The student is supposed to submit a whole conversation with an LLMs.
The LLM is prompted to answer a question or resolve a problem, and the LLM is there to assist. The LLM is instructed to never reveal the answer.
More interesting is the concept that the whole conversation is available to the instructor for grading. So if the LLMs makes mistake, or give away the solution, or if the student prompt engineer around it. It is all there and the instructor can take the necessary corrective measures.
87% of the students quite liked it, and we are looking forward to doubling the students that will be using it next quarter.
Overall, we are looking for more instructor to use it. So if you are interested in it please get in touch.
More info on: https://llteacher.blogspot.com/
I'm still somewhat concerned about exposing kids to this level of sycophancy, but I guess it will be done with or without using it in education directly.
Students are very simply NOT doing the work that is require to learn.
Before LLMs, homeworks were a great way to force students to approach the material. Students did not have any other way to get an answer, so they were forced to study and come up with an answer to the homeworks. They could always copy from classmates, but that was considered quite negatively.
LLMs change this completely. Any kind of homework you could assign undergraduates classes are now completed in less than 1 second, for free, by LLMs.
We start to see PERFECT homeworks submitted by students who could not get a 50% grade in classes. Overall grades went down.
This is a common pattern with all the educators I have been talking with. Not a single one has a different experience.
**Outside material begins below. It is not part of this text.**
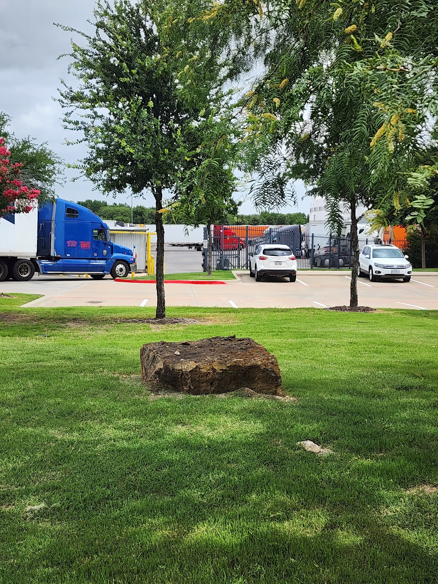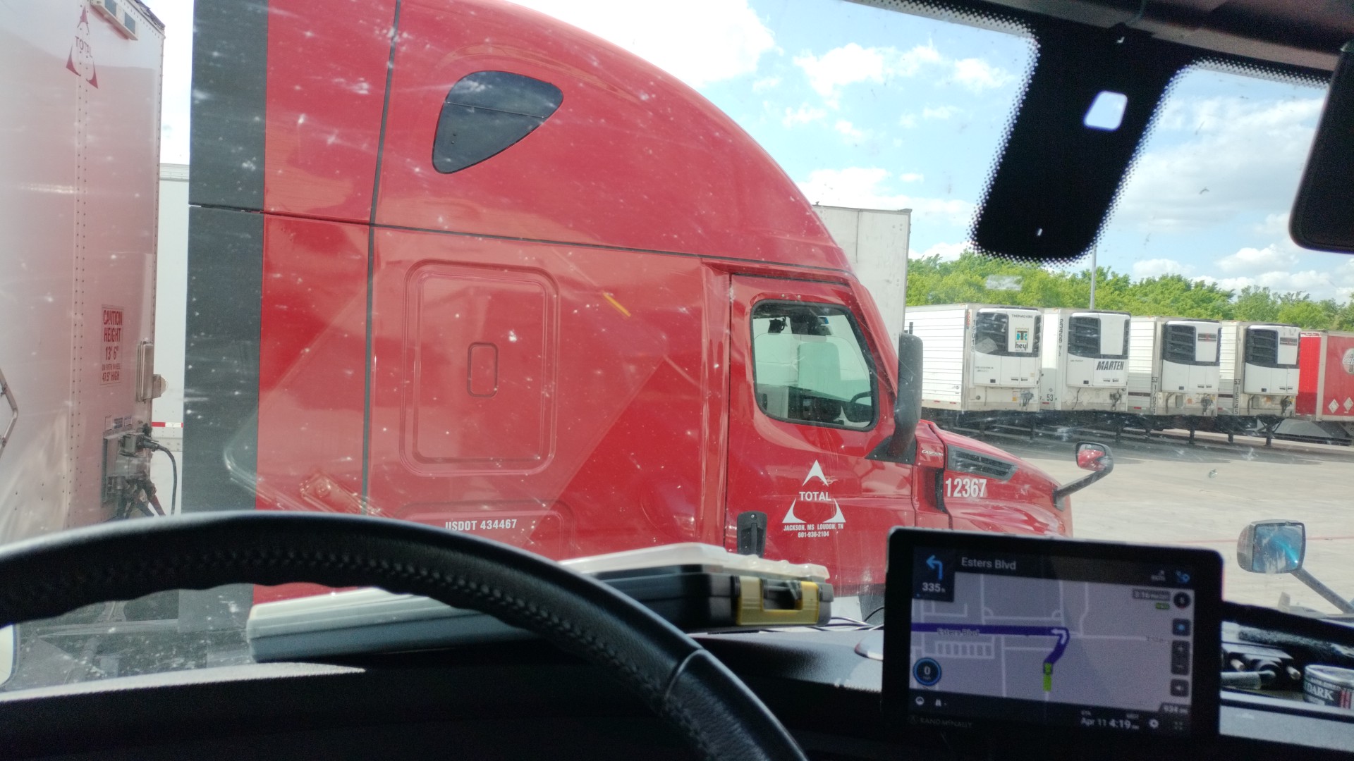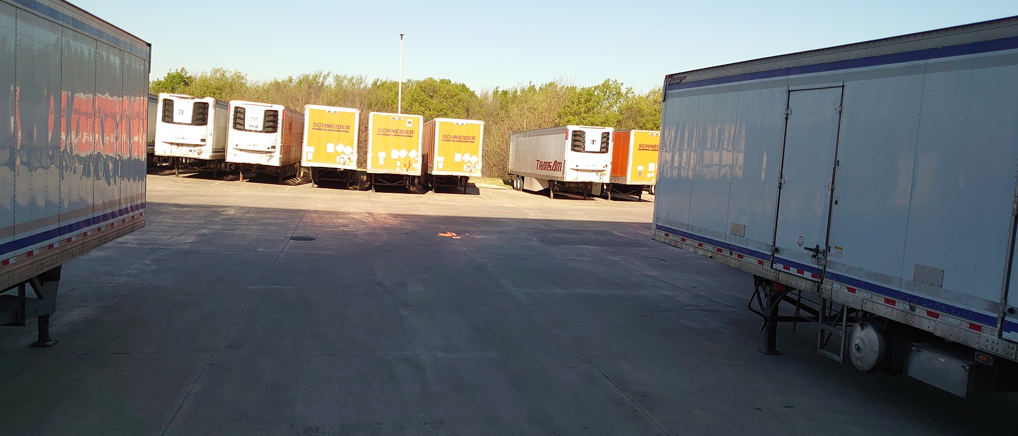 Check in with the nice lady security open trailer door while waiting for a text for the door. When door turn green paperwork will be on your trailer then check back with the security.

And, I do understand students. They are busy, they may not feel engaged by all the classes, and LLMs are a way too fast solution for getting homeworks done and free up some time.
But it is not helping them.
Solutions like this are to force students to put the correct amount of work in their education.
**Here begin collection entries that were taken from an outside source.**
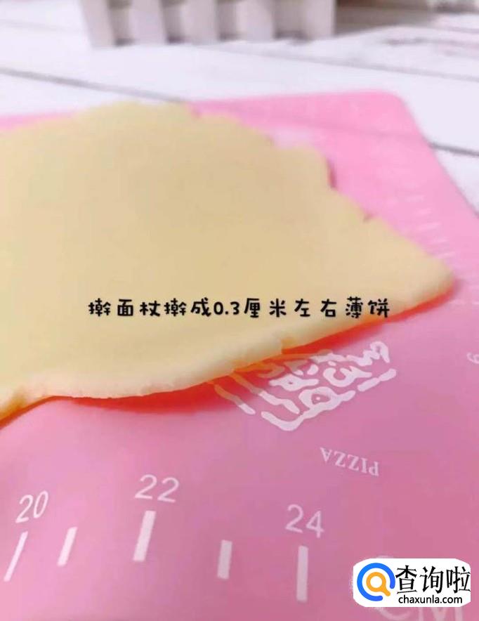 然后用擀面杖把面团擀成3mm左右的薄饼,如下图所示。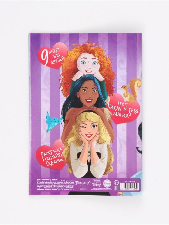 Анкета для девочек А5, 16 л + наклейки "Принцессы"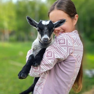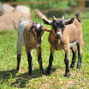 Mini ožkytės - Gilė, Mėta, dvynukės Penelopė ir Anabelė -linksmos ir aktyvios, labai mėgsta žaisti ir tarpusavyje išbandyti ragelius, niekad neatsisako skanukų.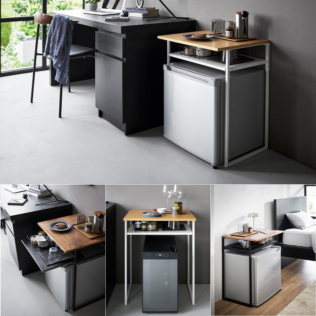 デッドスペースになりがちな小型冷蔵庫(45L用)や小型のワインセラーの上を有効活用できます。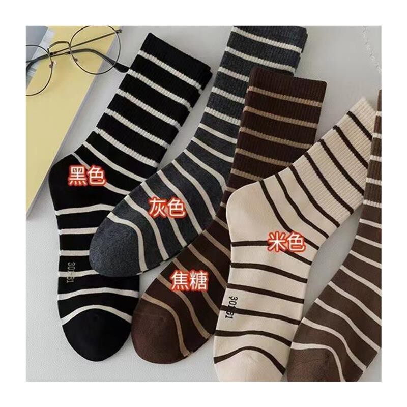 📚 条纹袜子女中筒袜美拉德色系日系百搭学院风运动袜潮流中筒袜子

And I would love if all of this would not be necessary. But it is.
I come from an engineering school in Europe - we simply did not have homework. We had frontal classes and one big final exams. Courses in which only 10% of the class would pass were not uncommon.
But today education, especially in the US, is different.
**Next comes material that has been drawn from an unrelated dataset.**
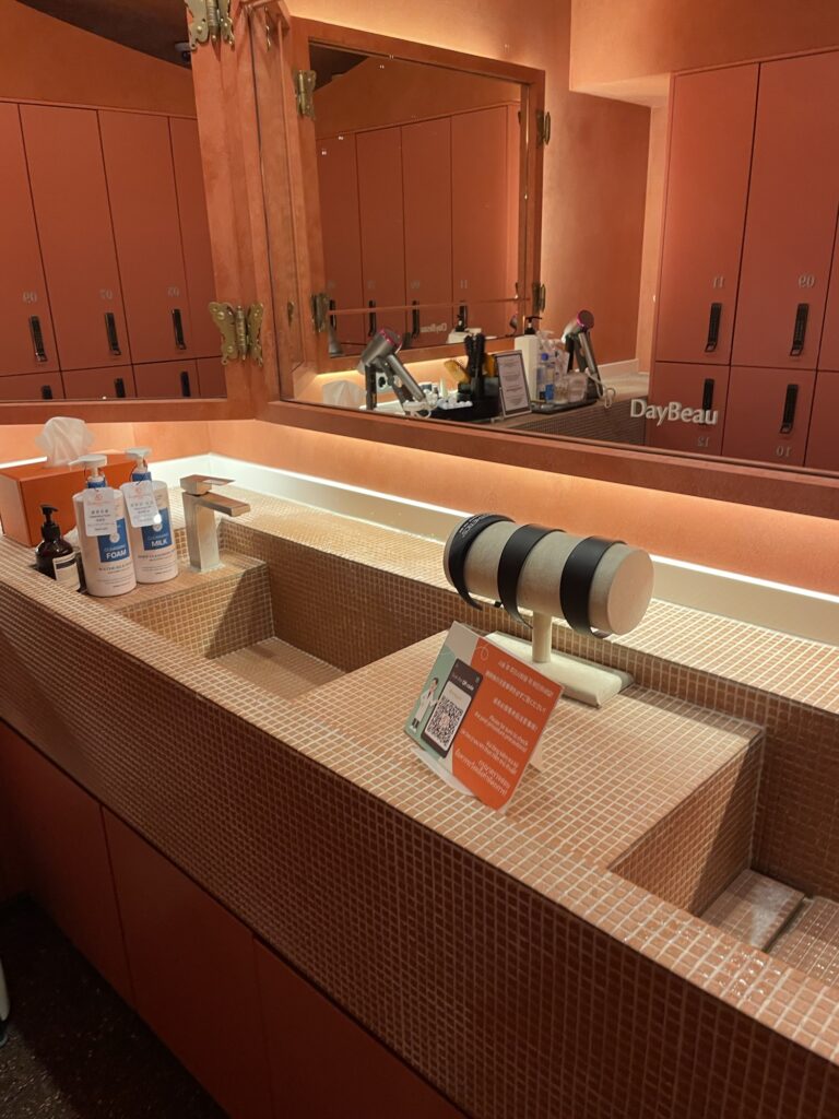 1階に移動して洗顔します。ヘアゴム、ドライヤー、日焼け止め、ティッシュ、タオルなど揃っています。

This is not forcing student to use LLMs. We are trying to force student to think and do the right thing for them.
And I know it sounds very paternalistic - but if you have better ideas, I am open.
- The stuff being covered in high school is indeed pretty useless for most people. Not all, but most, and it is not that irrational for many to actually ignore it.
- The reduction in social mobility decreasing the motivation for people to work hard for anything in general, as they get disillusioned.
- The assessment mechanisms being easily gamed through cheating doesn't help.
It's probably time to re-evaluate what's taught in school, and what really matters. I'm not that anti-school but a lot of the homework I've experienced simply did not have to be done in the first place, and LLM is exposing that reality. Switching to in-person oral/written exams and only viewing written works as supplementary, I think, is a fair solution for the time being.
The key implementation detail to me is that the whole class is sitting in on your exam (not super scalable, sure) so you are literally proving to your friends you aren’t full of shit when doing an exam.
I wonder: with a structure like this, it seems feasible to make the LLM exam itself available ahead of time, in its full authentic form.
They say the topic randomization is happening in code, and that this whole thing costs 42¢ per student. Would there be drawbacks to offering more-or-less unlimited practice runs until the student decides they’re ready for the round that counts?
I guess the extra opportunities might allow an enterprising student to find a way to game the exam, but vulnerabilities are something you’d want to fix anyway…
To the extent of wondering what value the human instructors add.